If datadog_checks import fails, ensure this runs inside the Agent Python runtime; do not run standalone. If searchd requires sudo or a specific PATH, set binary to the full path in conf.yaml.
Dashboard notes
Now we can finally build our dashboard and monitors!
- Graph overlay
manticore.avg_query_wall.seconds. - Add worker utilization (active/total) and
manticore.work_queue.length. - Add replication lag
manticore.cluster.replication_lagand send/recv queues. - Add service check widgets for
manticore.cluster.node_stateandmanticore.cluster.role.
This alone will allow Watchdog to alert us on outliers! Automatically. We have also added a few monitors, e.g. to be alerted if the query wall time is over 200ms.
In addition, we can now much better understand what is going with the system and draw conclusions in comparison to other parts of our platform when looking at the metrics over time.
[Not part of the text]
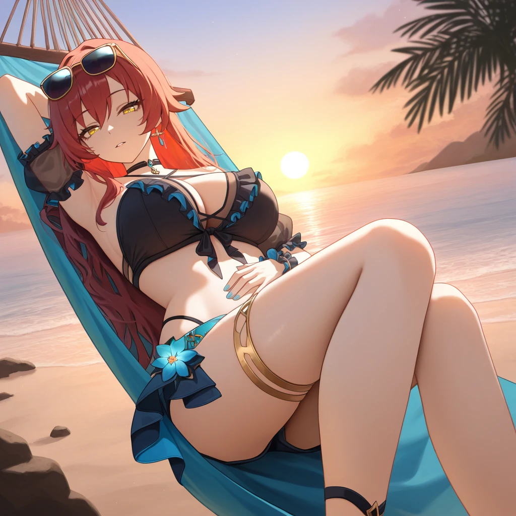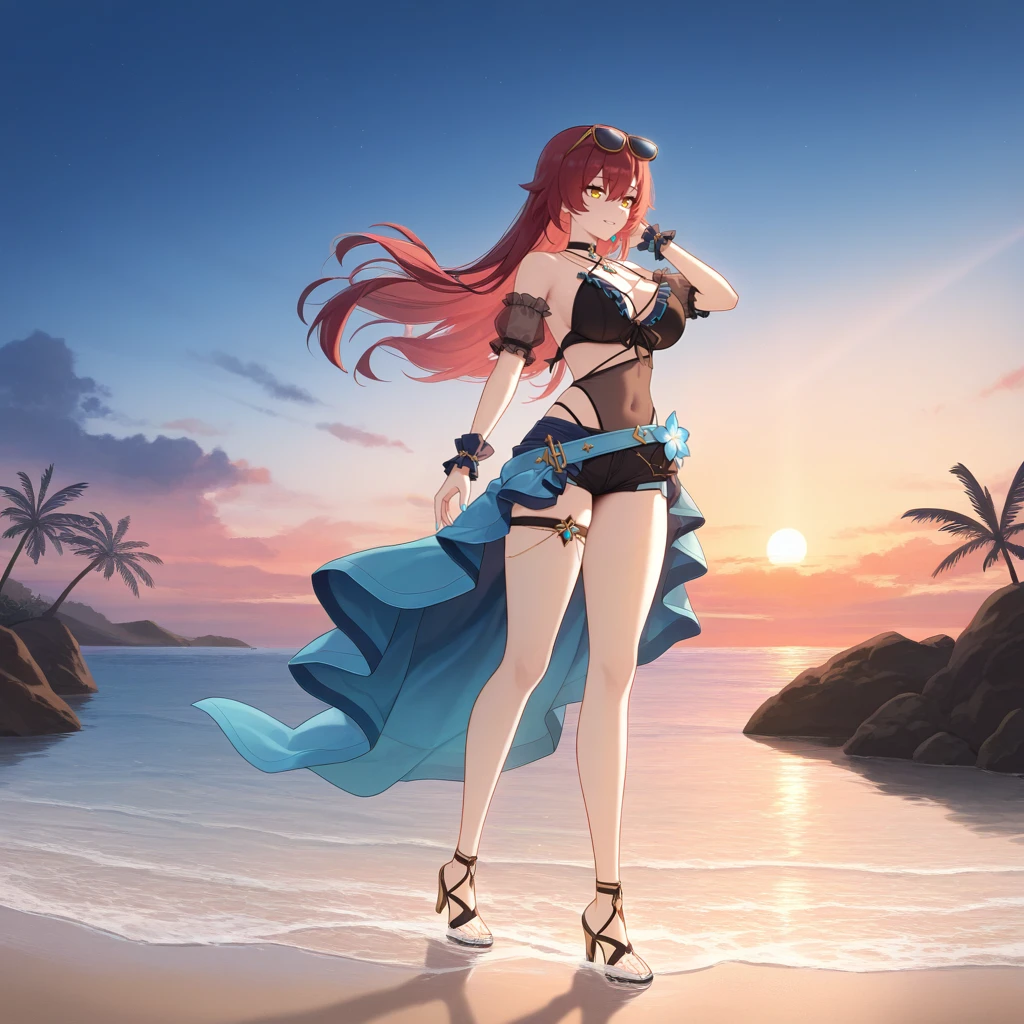 EdenHi3, Fol001, Ed_Swm, brown hair, long hair, yellow eyes see-through midriff, covered navel, panty straps, micro shorts, black shorts, thighlet, frilled sarong, see-through, blue sarong, two-sided sarong, light blue flower, light blue belt, loose belt, anchor ornament, frilled bikini, criss-cross halter, front-tie bikini top, black ribbon, black bikini, necklace, pendant choker, single earring, puffy detached sleeves, see-through sleeves, frilled sleeves, frilled wrist cuffs, eyewear on head, sunglasses, dark blue wrist cuffs, strappy heels, cross-laced sandals, high heel sandals,Red Dress Recolor Outfit:

Agentless Custom Metrics: Send Directly from Your Application
Not running the Datadog Agent, or want to push metrics directly from your app?
You can send custom metrics to Datadog using the Datadog Metrics API.
Example: Sending a custom metric with Python
import requests
import time
api_key = "<YOUR_DATADOG_API_KEY>"
url = "https://api.datadoghq.com/api/v2/series"
headers = {
"Content-Type": "application/json",
"DD-API-KEY": api_key,
}
payload = {
"series": [
{
"metric": "myapp.custom.metric",
"type": "gauge",
"points": [[int(time.time()), 42]],
"tags": ["env:prod", "service:myapp"],
}
]
}
response = requests.post(url, json=payload, headers=headers)
print(response.status_code, response.text)
You can use any language or framework that can make HTTP requests.
See the API docs for more details and examples.
Pro tips: - Use meaningful metric names and tags for easy dashboarding. - You can send gauges, counts, rates, and more. - Metrics sent this way are subject to custom metrics billing.